One of the biggest changes being made is to faculty parking, where faculty and staff members pay to reserve an individual space each year, Mills said. This summer that will change.
The faculty and staff parking lots will be reserved lots surrounded by fences with gates that could only be opened with a remote control or card-swipe device, he said, which would ensure that each faculty member would have a space to park, even if it wouldn’t be the same space every day.
A faculty or staff member now has one space that is reserved for his or her use, he said, which may or may not be available when an employee needs to park. If the space is full, then the alternative is to park illegally.
Mary Kincannon, associate registrar, said the majority of faculty and staff would be in favor of the plan because they need a place to park.
With the new plan, the parking lot behind the Tom Brown-Pete Wright Residential Community will be converted to a visitor parking lot, Mills said, and the Daniel-Meyer parking lot will become reserved. The Worth Hills area will have a few main campus parking lots, he said.
A total of 900 new parking spaces have been added in the last year or will be added this year, Mills said. The amount does not include the 680 spots in the Grandmarc parking garage, he said. The students who will park there would probably have been commuters otherwise, so there will be more space in commuter lots, Mills said.
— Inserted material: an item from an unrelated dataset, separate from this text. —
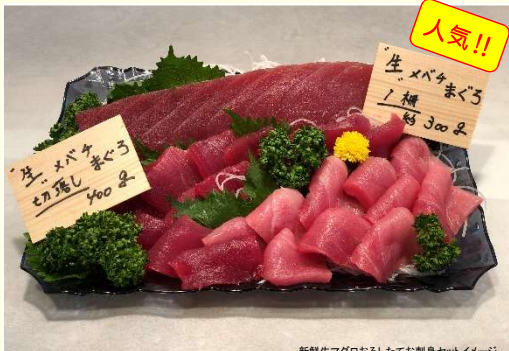
新鮮生マグロおろしてお刺身セットイメージ

Since parking will be concentrated in the outer parts of campus, the times shuttles run will change and more will be added, Mills said.
Safety is very important, said Lt. Ramiro Abad of the TCU Police, and since parking is moving from the interior of campus to the exterior, different safety measures will be considered. More lots will be surrounded by fences, and shuttles will run more frequently in an attempt to keep parking lots safe, Abad said.